Suggested interchange mechanisms among phases with glucose (GLU)

Figure 16 displays the phase relationships observed for glucose and glycine reacting together (GLU-GLY). These two molecules show a strong interaction already at very low temperatures due to the reaction between the amino group of the amino acid and the carbonyl group of the monosaccharide. This leads to the formation of Amadori compounds, which are intermediates in the Maillard reaction. Among the various chemical pathways that occur during the Maillard reaction, there is Strecker degradation, which results in the release of CO2. The only gas formed in the co-presence of glucose and glycine is CO2 that is formed at low temperatures through this mechanism. From the Maillard reaction, melanoidins are produced. Melanoidins are molecules known to have a very high molecular weight and to be water-soluble.
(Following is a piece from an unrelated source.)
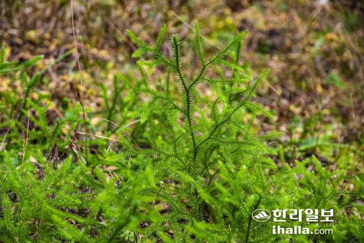 오름 정상에서 풍광에 취해 있던 참가자들은 아쉬움을 뒤로하고 참빗살나무와 인사하며 오름을 내려선다. 하산길은 다소 가파르지만 건너에 보이는 노로오름을 바라보며 조릿대 숲을 뚫고 걸음을 재촉한다. 빨간 열매를 단 화살나무가 반갑게 인사한다. 오름을 내려서면 삼나무숲을 만난다. 노로오름과 그 주변을 온통 덮고 있는 삼나무숲은 한라산둘레길 천아숲길이다. 숲길에는 소나무잎을 닮은 석송이 한창이다. 천아숲길을 따라가다 방향을 돌려 광령천 변의 숲으로 들어섰다.

Simultaneously with melanoidins, a solid phase with a structure similar to melanoidins is also produced. Both the melanoidins in the aqueous phase and the solid are precursors of the biocrude phase. At high temperatures, these structures are indeed thermically degraded into nitrogen-containing aromatics, mainly pyrazines and pyridines, which constitute the biocrude.

Fig. 16
figure 16

Suggested interchange mechanisms among phases with glucose and glycine (GLU-GLY)

4 Conclusions

The interaction between carbohydrates and proteins during hydrothermal liquefaction has been investigated at different temperatures by experimental tests with glucose and glycine. The study was performed by comparing the reactivity of these two molecules alone or in combination, as well as by observing the reaction pathways activated by each different phase produced in such HTL tests. The results have shown a strong interaction between glucose and glycine resulting in a set of products that differed significantly from the simple overlapping of the single monomer reactivities. In particular, solid and biocrude phases are strongly correlated. In fact, in contrast to the mechanisms occurring with glucose alone, the co-presence of glucose and glycine leads to higher solid and lower biocrude productions at low temperatures (250 °C) and the opposite at higher temperatures (350 °C). With remarkable novelty with respect to literature, consecutive reactions involving the generated phases have been performed to deepen the interchange phenomena. With glucose–glycine reacting together, solid and aqueous phase residues obtained at low temperatures convert at high temperatures into biocrude. Finally, with glucose alone, the co-presence of solid and liquid phases (biocrude and aqueous residues) has a synergistic tendency towards the biocrude production at the expense of the gas and solid phase. Overall, this work strengthens the hypothesis that carbohydrates and proteins have a robust interaction during hydrothermal liquefaction, highlighting the central role of temperature in regulating such interaction. Furthermore, the experimental observations of interchange between the different phases of HTL allowed an understanding of the production/conversion of each phase and hence a better tuning of the reaction conditions towards the product of interest.